Варт лежал, как ему и было велено, бодрствуя. Следовало дождаться, пока уснет Кэй, и тогда за ним придет Архимед с Мерлиновым волшебством. Он лежал под огромной медвежьей шкурой и смотрел в окно на весенние звезды, уже не морозные и металлические, но как бы отмытые заново, набухающие влагой. Вечер был замечательный – ни дождя, ни облачка. Небо между звездами казалось сделанным из самого темного и роскошного бархата. В проеме глубокого, глядящего на запад окна над самым горизонтом гнались за Сириусом ловчие псы-звёзды, Альдебаран и Бетельгейзе, озираясь на своего господина – на Орион, еще не взошедший над краем земли. Сквозь окно проникал в комнату ясно различимый аромат укрытых ночью цветов, ибо уже зацветала смородина, дикая вишня, слива, боярышник, и слышно было, как в окружающих, смутно различимых деревьях не менее пяти соловьев состязаются в конкурсе певческой красоты. Варт лежал на спине, под наполовину сползшей медвежьей шкурой, скрестив за головою руки. Ночь была слишком прекрасна, чтобы спать, слишком тепла, чтобы подтягивать шкуру. Как зачарованный, следил он за звездами. Скоро снова настанет лето, он сможет уходить ночевать на замковые стены и видеть, как звезды парят над его лицом – близко, будто мотыльки, – они и похожи, по крайности Млечный Путь, на пыльцу с мотыльковых крыльев. И в то же самое время они будут так далеки, что в переполненной вздохами душе начнут беспомощно роиться неизъяснимые мысли о Вселенной и вечности, и он представит себе, как улетает меж ними, все выше и выше, никогда их не достигая, никогда не завершая полета, все покидая, всего лишаясь в спокойной стремительности пространства.

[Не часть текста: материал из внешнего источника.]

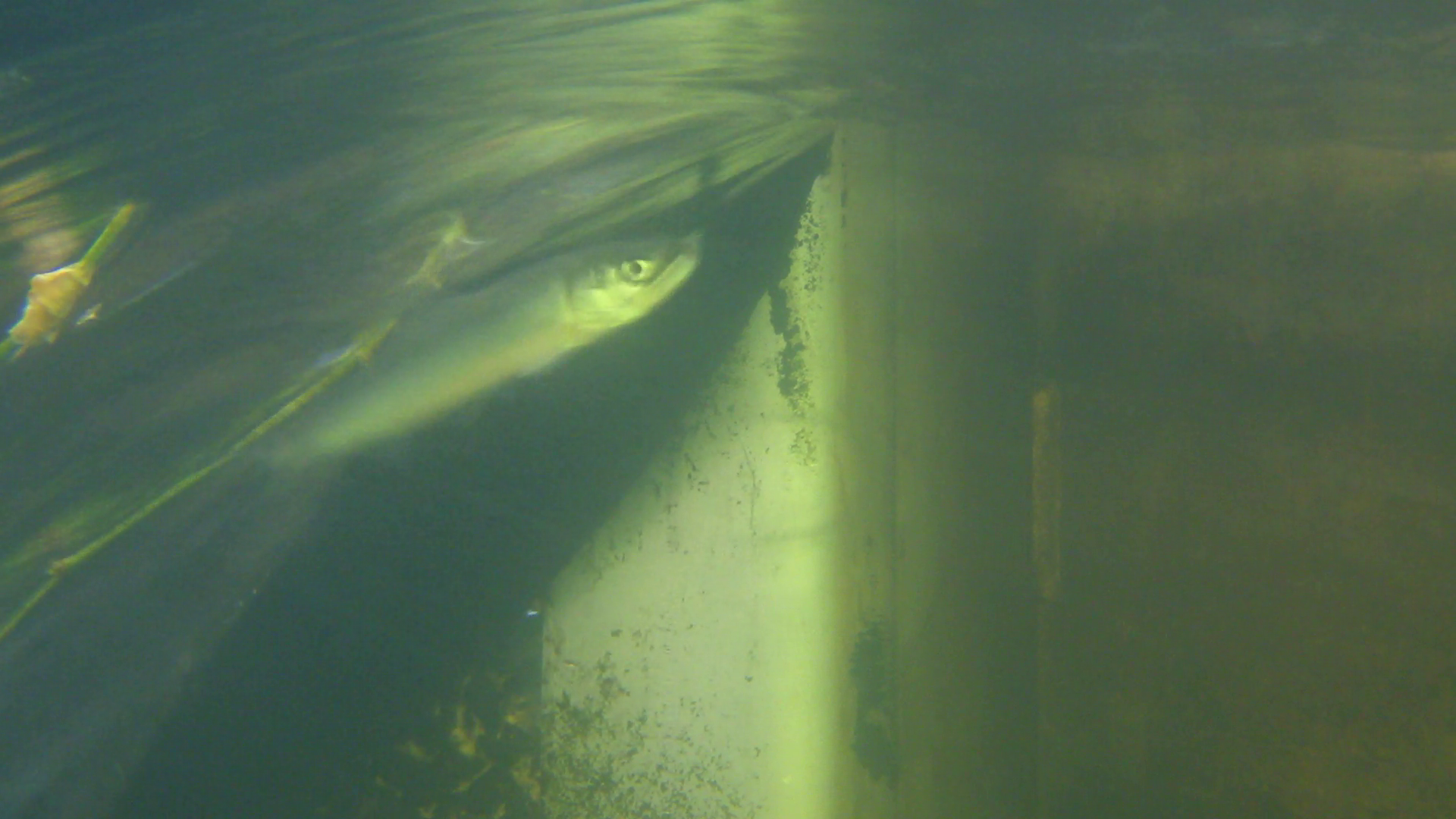 桜の花びらが舞う中、今年もアユの遡上が始まりました。この日も昼前には大きなアユの群れが明治用水頭首工の右岸魚道(西側の魚道)を遡上していました。気温が高めで推移してきたせいか、稚アユの遡上も昨年より早めに始まった印象です。今後4月下旬から5月上旬にかけて遡上はピークを迎えます。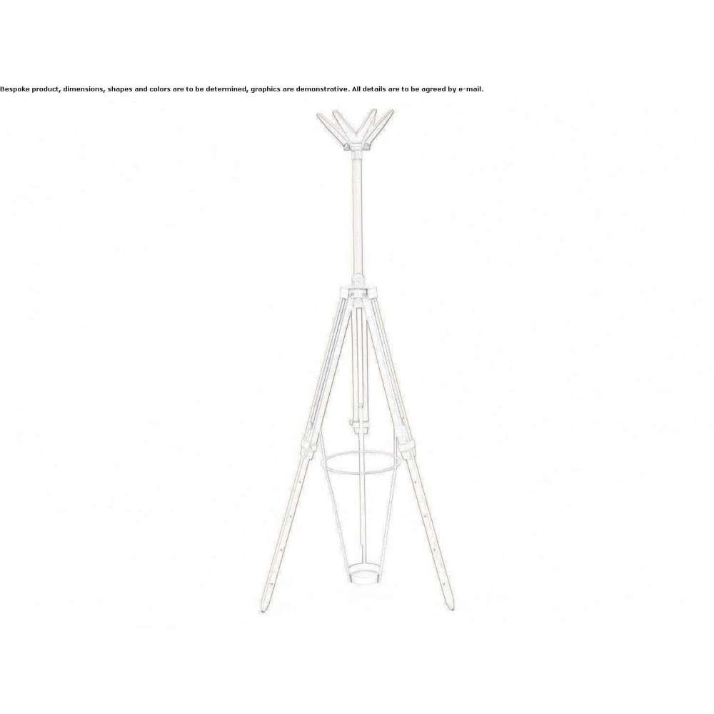 The wooden structure inspired by the artist's tripod supports a top, which can be rectangular or round, or a hanger body with six hooks and an umbrella stand. Five different heights ensuring practicality and freedom of use: laptop stand, plinth or serving table.

Когда Архимед пришел за ним, он уже крепко спал.
– Съешь-ка вот это, – сказал Архимед и вручил ему дохлую мышь.
Варт чувствовал себя до того необычно, что без протестов принял пушистую кроху и сунул ее в рот, даже не подумав, что она может оказаться препротивной. А потому и не удивился, почувствовав, что вкус у нее отменный, – что-то вроде неочищенного персика, хотя, конечно, сама мышь была вкусней своей шкурки.
– А теперь пора и в полет, – сказал Архимед. – Запрыгни на подоконник и посиди немного, чтоб попривыкнуть, прежде чем мы снимемся.
Варт вспрыгнул на подоконник и машинально лишний раз взмахнул крыльями – точно так же, как взмахивает руками прыгун в высоту. Он плюхнулся на подоконник с глухим ударом, какой слышишь, когда садится с лету сова, но вовремя остановиться не смог и вывалился из окна.
«Ну вот, – развеселившись, подумал он, – тут-то я и сверну себе шею».
Странное дело, но он почему-то не воспринимал жизнь всерьез. Стены замка пронеслись мимо, замковый ров и земля наплывали на Варта. Он ударил крыльями, и земля ушла вниз, будто вода в худом колодце. Через секунду сила удара истратилась, и земля вновь начала приближаться. Он ударил еще раз. Как странно было нестись над то взбухавшей, то опадавшей под ним землей в полном беззвучии бахромчатого оперения.
– Ради всего святого, – послышался задыхающийся голос Архимеда, мотавшегося вверх и вниз в темноте сзади него, – перестань ты летать, словно дятел. Глядя на тебя, всякий решил бы, что ты – домовый сыч, если бы эту тварь уже завезли в страну. Ты знаешь, что ты делаешь? Ты бьешь крыльями, набираешь скорость, забираешься, пока она не иссякнет, вверх, зависаешь, а как только начинаешь терять высоту, бьешь крыльями снова – и все сначала. С тобой невозможно держаться вровень.
– Ну да, – беспечно сказал Варт, – а если я не стану этого делать, я просто свалюсь на землю.
– Идиот, – сказал Архимед. – Ты должен все время помахивать крыльями, а не подпрыгивать на них таким манером.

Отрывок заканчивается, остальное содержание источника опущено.